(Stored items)
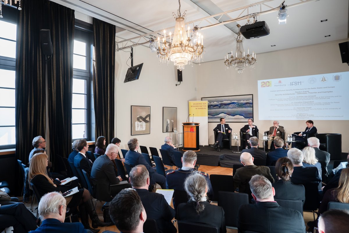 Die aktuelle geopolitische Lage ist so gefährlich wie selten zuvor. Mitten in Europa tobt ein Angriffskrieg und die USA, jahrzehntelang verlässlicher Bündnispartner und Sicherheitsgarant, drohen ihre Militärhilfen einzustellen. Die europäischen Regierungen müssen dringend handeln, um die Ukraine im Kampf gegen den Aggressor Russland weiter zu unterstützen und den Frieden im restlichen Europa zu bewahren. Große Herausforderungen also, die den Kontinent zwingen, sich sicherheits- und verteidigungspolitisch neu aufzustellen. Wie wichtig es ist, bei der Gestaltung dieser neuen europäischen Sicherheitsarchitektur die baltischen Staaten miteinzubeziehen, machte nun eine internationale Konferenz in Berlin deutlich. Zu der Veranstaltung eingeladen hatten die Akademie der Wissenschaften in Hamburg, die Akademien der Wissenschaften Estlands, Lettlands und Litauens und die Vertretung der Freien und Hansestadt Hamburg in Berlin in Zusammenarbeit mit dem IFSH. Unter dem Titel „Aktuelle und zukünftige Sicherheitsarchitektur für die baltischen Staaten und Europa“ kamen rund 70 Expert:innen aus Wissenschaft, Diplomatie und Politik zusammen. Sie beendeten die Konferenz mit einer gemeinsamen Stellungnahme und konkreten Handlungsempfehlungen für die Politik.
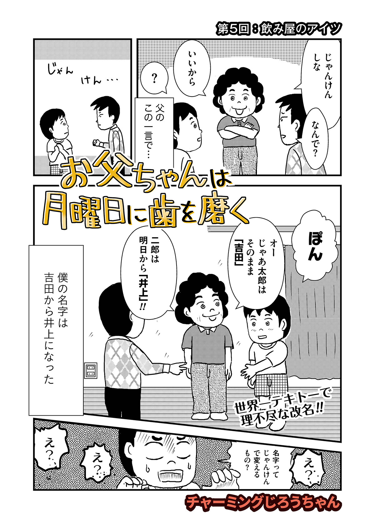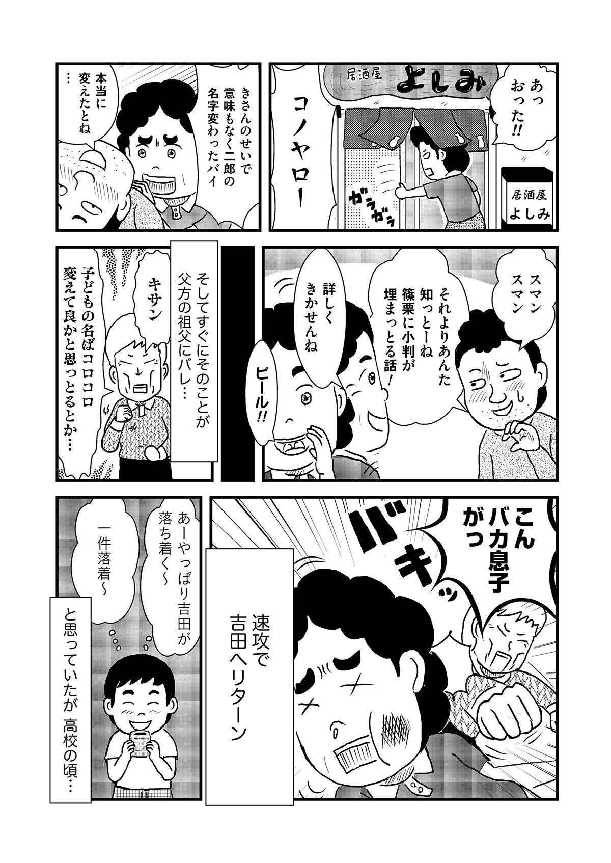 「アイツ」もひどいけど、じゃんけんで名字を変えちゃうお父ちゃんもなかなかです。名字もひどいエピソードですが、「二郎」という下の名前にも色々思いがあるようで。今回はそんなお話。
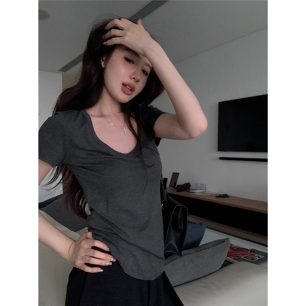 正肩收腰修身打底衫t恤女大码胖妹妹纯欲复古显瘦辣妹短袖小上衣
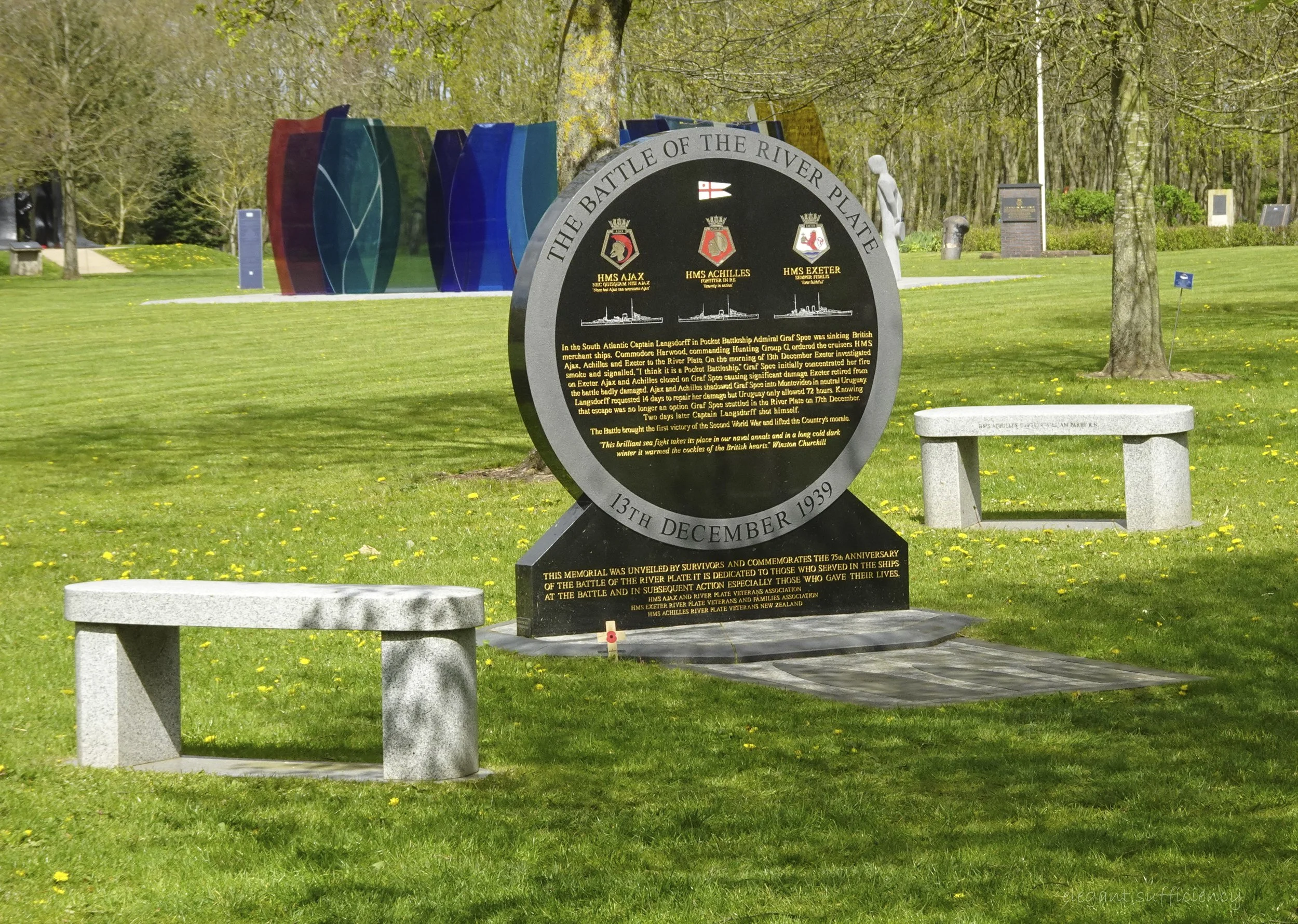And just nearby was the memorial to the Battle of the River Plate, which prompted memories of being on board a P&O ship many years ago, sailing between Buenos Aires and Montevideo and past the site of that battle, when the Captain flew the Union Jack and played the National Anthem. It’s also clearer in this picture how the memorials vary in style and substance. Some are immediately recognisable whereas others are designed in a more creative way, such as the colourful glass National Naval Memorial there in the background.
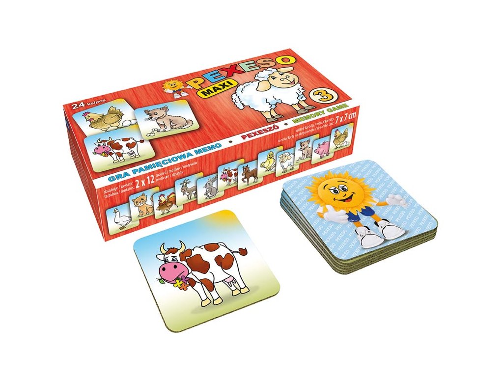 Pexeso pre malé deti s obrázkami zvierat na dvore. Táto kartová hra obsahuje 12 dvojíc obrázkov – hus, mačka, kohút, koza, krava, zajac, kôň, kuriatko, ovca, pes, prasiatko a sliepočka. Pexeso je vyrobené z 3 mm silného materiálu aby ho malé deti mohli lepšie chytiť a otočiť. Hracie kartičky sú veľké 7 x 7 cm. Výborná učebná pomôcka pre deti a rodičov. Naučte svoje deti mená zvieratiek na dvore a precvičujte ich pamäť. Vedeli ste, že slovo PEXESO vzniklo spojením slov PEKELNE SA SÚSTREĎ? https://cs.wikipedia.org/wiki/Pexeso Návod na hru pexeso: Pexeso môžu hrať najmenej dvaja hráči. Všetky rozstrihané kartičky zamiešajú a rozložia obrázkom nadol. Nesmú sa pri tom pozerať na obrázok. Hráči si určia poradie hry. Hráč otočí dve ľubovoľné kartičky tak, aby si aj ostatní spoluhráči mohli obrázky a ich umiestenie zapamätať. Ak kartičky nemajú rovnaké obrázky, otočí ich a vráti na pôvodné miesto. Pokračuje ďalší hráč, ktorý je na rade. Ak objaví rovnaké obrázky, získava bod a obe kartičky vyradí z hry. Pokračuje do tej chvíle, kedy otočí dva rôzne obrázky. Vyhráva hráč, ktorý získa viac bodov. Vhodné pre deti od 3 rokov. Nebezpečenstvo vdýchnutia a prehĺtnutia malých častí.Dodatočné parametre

What you will do:
Every line of the data above is to be repeated exactly; the images are to be left out.

Answer box:
 Die aktuelle geopolitische Lage ist so gefährlich wie selten zuvor. Mitten in Europa tobt ein Angriffskrieg und die USA, jahrzehntelang verlässlicher Bündnispartner und Sicherheitsgarant, drohen ihre Militärhilfen einzustellen. Die europäischen Regierungen müssen dringend handeln, um die Ukraine im Kampf gegen den Aggressor Russland weiter zu unterstützen und den Frieden im restlichen Europa zu bewahren. Große Herausforderungen also, die den Kontinent zwingen, sich sicherheits- und verteidigungspolitisch neu aufzustellen. Wie wichtig es ist, bei der Gestaltung dieser neuen europäischen Sicherheitsarchitektur die baltischen Staaten miteinzubeziehen, machte nun eine internationale Konferenz in Berlin deutlich. Zu der Veranstaltung eingeladen hatten die Akademie der Wissenschaften in Hamburg, die Akademien der Wissenschaften Estlands, Lettlands und Litauens und die Vertretung der Freien und Hansestadt Hamburg in Berlin in Zusammenarbeit mit dem IFSH. Unter dem Titel „Aktuelle und zukünftige Sicherheitsarchitektur für die baltischen Staaten und Europa“ kamen rund 70 Expert:innen aus Wissenschaft, Diplomatie und Politik zusammen. Sie beendeten die Konferenz mit einer gemeinsamen Stellungnahme und konkreten Handlungsempfehlungen für die Politik.
 「アイツ」もひどいけど、じゃんけんで名字を変えちゃうお父ちゃんもなかなかです。名字もひどいエピソードですが、「二郎」という下の名前にも色々思いがあるようで。今回はそんなお話。
 正肩收腰修身打底衫t恤女大码胖妹妹纯欲复古显瘦辣妹短袖小上衣
And just nearby was the memorial to the Battle of the River Plate, which prompted memories of being on board a P&O ship many years ago, sailing between Buenos Aires and Montevideo and past the site of that battle, when the Captain flew the Union Jack and played the National Anthem. It’s also clearer in this picture how the memorials vary in style and substance. Some are immediately recognisable whereas others are designed in a more creative way, such as the colourful glass National Naval Memorial there in the background.
 Pexeso pre malé deti s obrázkami zvierat na dvore. Táto kartová hra obsahuje 12 dvojíc obrázkov – hus, mačka, kohút, koza, krava, zajac, kôň, kuriatko, ovca, pes, prasiatko a sliepočka. Pexeso je vyrobené z 3 mm silného materiálu aby ho malé deti mohli lepšie chytiť a otočiť. Hracie kartičky sú veľké 7 x 7 cm. Výborná učebná pomôcka pre deti a rodičov. Naučte svoje deti mená zvieratiek na dvore a precvičujte ich pamäť. Vedeli ste, že slovo PEXESO vzniklo spojením slov PEKELNE SA SÚSTREĎ? https://cs.wikipedia.org/wiki/Pexeso Návod na hru pexeso: Pexeso môžu hrať najmenej dvaja hráči. Všetky rozstrihané kartičky zamiešajú a rozložia obrázkom nadol. Nesmú sa pri tom pozerať na obrázok. Hráči si určia poradie hry. Hráč otočí dve ľubovoľné kartičky tak, aby si aj ostatní spoluhráči mohli obrázky a ich umiestenie zapamätať. Ak kartičky nemajú rovnaké obrázky, otočí ich a vráti na pôvodné miesto. Pokračuje ďalší hráč, ktorý je na rade. Ak objaví rovnaké obrázky, získava bod a obe kartičky vyradí z hry. Pokračuje do tej chvíle, kedy otočí dva rôzne obrázky. Vyhráva hráč, ktorý získa viac bodov. Vhodné pre deti od 3 rokov. Nebezpečenstvo vdýchnutia a prehĺtnutia malých častí.Dodatočné parametre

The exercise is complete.